*Data for this exercise*:
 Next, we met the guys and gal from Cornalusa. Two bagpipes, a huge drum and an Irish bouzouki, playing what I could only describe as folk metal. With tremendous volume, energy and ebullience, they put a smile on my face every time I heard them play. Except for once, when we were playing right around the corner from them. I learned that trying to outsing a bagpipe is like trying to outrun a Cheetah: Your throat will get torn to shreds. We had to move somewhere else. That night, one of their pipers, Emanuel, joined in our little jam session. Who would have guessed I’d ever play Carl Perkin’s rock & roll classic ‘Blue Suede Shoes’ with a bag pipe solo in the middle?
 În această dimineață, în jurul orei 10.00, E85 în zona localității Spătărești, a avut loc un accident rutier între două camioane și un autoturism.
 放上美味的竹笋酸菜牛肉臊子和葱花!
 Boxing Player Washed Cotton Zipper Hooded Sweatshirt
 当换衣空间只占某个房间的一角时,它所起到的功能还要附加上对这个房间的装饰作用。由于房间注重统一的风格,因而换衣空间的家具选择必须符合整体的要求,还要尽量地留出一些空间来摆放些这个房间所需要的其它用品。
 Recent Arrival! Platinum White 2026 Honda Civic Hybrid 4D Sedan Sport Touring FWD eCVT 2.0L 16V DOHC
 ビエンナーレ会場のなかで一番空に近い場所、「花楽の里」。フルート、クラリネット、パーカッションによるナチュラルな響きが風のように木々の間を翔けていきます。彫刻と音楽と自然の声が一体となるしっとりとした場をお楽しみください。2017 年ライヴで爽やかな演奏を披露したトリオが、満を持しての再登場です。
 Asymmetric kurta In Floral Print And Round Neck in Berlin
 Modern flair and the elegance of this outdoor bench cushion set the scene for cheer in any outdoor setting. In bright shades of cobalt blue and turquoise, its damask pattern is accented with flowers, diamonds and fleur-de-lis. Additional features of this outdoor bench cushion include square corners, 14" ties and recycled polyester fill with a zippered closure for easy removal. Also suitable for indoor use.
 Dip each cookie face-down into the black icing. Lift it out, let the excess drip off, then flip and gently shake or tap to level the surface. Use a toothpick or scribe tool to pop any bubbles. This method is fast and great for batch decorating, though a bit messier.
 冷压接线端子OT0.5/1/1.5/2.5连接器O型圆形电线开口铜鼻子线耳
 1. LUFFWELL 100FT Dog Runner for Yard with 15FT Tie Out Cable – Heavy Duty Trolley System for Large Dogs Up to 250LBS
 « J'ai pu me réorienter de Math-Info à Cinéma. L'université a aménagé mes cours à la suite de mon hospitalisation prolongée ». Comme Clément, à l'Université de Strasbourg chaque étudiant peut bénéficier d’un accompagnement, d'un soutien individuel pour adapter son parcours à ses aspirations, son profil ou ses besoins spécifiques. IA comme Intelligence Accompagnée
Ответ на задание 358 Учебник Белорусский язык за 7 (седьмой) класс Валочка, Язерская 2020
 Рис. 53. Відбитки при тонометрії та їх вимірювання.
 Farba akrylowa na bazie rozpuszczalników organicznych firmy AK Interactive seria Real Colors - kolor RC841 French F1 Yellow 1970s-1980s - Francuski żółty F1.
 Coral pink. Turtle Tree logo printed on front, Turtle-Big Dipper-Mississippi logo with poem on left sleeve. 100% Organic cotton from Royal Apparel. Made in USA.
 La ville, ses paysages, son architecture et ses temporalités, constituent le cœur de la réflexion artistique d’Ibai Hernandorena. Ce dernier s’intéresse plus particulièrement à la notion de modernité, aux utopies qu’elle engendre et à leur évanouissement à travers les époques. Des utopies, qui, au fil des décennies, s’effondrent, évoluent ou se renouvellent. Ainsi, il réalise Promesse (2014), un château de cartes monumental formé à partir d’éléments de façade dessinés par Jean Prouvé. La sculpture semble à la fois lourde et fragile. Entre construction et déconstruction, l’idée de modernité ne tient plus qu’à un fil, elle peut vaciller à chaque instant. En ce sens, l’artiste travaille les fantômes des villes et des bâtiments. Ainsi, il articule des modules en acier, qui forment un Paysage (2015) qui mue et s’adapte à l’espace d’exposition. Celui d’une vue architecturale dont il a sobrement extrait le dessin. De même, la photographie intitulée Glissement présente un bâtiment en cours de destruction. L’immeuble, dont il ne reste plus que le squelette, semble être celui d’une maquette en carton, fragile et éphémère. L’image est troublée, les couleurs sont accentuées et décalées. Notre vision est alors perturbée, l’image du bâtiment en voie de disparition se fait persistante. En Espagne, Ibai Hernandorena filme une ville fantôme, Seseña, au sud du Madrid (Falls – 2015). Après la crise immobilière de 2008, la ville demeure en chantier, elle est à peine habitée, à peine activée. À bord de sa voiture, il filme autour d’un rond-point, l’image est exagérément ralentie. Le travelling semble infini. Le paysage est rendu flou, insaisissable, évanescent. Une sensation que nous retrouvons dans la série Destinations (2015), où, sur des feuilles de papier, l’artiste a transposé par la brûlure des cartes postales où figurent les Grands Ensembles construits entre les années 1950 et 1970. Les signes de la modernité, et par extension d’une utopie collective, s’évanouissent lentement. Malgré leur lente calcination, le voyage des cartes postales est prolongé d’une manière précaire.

*Task to complete*: Your answer must be the records themselves, output again exactly.

*Problem solution*:
 Next, we met the guys and gal from Cornalusa. Two bagpipes, a huge drum and an Irish bouzouki, playing what I could only describe as folk metal. With tremendous volume, energy and ebullience, they put a smile on my face every time I heard them play. Except for once, when we were playing right around the corner from them. I learned that trying to outsing a bagpipe is like trying to outrun a Cheetah: Your throat will get torn to shreds. We had to move somewhere else. That night, one of their pipers, Emanuel, joined in our little jam session. Who would have guessed I’d ever play Carl Perkin’s rock & roll classic ‘Blue Suede Shoes’ with a bag pipe solo in the middle?
 În această dimineață, în jurul orei 10.00, E85 în zona localității Spătărești, a avut loc un accident rutier între două camioane și un autoturism.
 放上美味的竹笋酸菜牛肉臊子和葱花!
 Boxing Player Washed Cotton Zipper Hooded Sweatshirt
 当换衣空间只占某个房间的一角时,它所起到的功能还要附加上对这个房间的装饰作用。由于房间注重统一的风格,因而换衣空间的家具选择必须符合整体的要求,还要尽量地留出一些空间来摆放些这个房间所需要的其它用品。
 Recent Arrival! Platinum White 2026 Honda Civic Hybrid 4D Sedan Sport Touring FWD eCVT 2.0L 16V DOHC
 ビエンナーレ会場のなかで一番空に近い場所、「花楽の里」。フルート、クラリネット、パーカッションによるナチュラルな響きが風のように木々の間を翔けていきます。彫刻と音楽と自然の声が一体となるしっとりとした場をお楽しみください。2017 年ライヴで爽やかな演奏を披露したトリオが、満を持しての再登場です。
 Asymmetric kurta In Floral Print And Round Neck in Berlin
 Modern flair and the elegance of this outdoor bench cushion set the scene for cheer in any outdoor setting. In bright shades of cobalt blue and turquoise, its damask pattern is accented with flowers, diamonds and fleur-de-lis. Additional features of this outdoor bench cushion include square corners, 14" ties and recycled polyester fill with a zippered closure for easy removal. Also suitable for indoor use.
 Dip each cookie face-down into the black icing. Lift it out, let the excess drip off, then flip and gently shake or tap to level the surface. Use a toothpick or scribe tool to pop any bubbles. This method is fast and great for batch decorating, though a bit messier.
 冷压接线端子OT0.5/1/1.5/2.5连接器O型圆形电线开口铜鼻子线耳
 1. LUFFWELL 100FT Dog Runner for Yard with 15FT Tie Out Cable – Heavy Duty Trolley System for Large Dogs Up to 250LBS
 « J'ai pu me réorienter de Math-Info à Cinéma. L'université a aménagé mes cours à la suite de mon hospitalisation prolongée ». Comme Clément, à l'Université de Strasbourg chaque étudiant peut bénéficier d’un accompagnement, d'un soutien individuel pour adapter son parcours à ses aspirations, son profil ou ses besoins spécifiques. IA comme Intelligence Accompagnée
Ответ на задание 358 Учебник Белорусский язык за 7 (седьмой) класс Валочка, Язерская 2020
 Рис. 53. Відбитки при тонометрії та їх вимірювання.
 Farba akrylowa na bazie rozpuszczalników organicznych firmy AK Interactive seria Real Colors - kolor RC841 French F1 Yellow 1970s-1980s - Francuski żółty F1.
 Coral pink. Turtle Tree logo printed on front, Turtle-Big Dipper-Mississippi logo with poem on left sleeve. 100% Organic cotton from Royal Apparel. Made in USA.
 La ville, ses paysages, son architecture et ses temporalités, constituent le cœur de la réflexion artistique d’Ibai Hernandorena. Ce dernier s’intéresse plus particulièrement à la notion de modernité, aux utopies qu’elle engendre et à leur évanouissement à travers les époques. Des utopies, qui, au fil des décennies, s’effondrent, évoluent ou se renouvellent. Ainsi, il réalise Promesse (2014), un château de cartes monumental formé à partir d’éléments de façade dessinés par Jean Prouvé. La sculpture semble à la fois lourde et fragile. Entre construction et déconstruction, l’idée de modernité ne tient plus qu’à un fil, elle peut vaciller à chaque instant. En ce sens, l’artiste travaille les fantômes des villes et des bâtiments. Ainsi, il articule des modules en acier, qui forment un Paysage (2015) qui mue et s’adapte à l’espace d’exposition. Celui d’une vue architecturale dont il a sobrement extrait le dessin. De même, la photographie intitulée Glissement présente un bâtiment en cours de destruction. L’immeuble, dont il ne reste plus que le squelette, semble être celui d’une maquette en carton, fragile et éphémère. L’image est troublée, les couleurs sont accentuées et décalées. Notre vision est alors perturbée, l’image du bâtiment en voie de disparition se fait persistante. En Espagne, Ibai Hernandorena filme une ville fantôme, Seseña, au sud du Madrid (Falls – 2015). Après la crise immobilière de 2008, la ville demeure en chantier, elle est à peine habitée, à peine activée. À bord de sa voiture, il filme autour d’un rond-point, l’image est exagérément ralentie. Le travelling semble infini. Le paysage est rendu flou, insaisissable, évanescent. Une sensation que nous retrouvons dans la série Destinations (2015), où, sur des feuilles de papier, l’artiste a transposé par la brûlure des cartes postales où figurent les Grands Ensembles construits entre les années 1950 et 1970. Les signes de la modernité, et par extension d’une utopie collective, s’évanouissent lentement. Malgré leur lente calcination, le voyage des cartes postales est prolongé d’une manière précaire.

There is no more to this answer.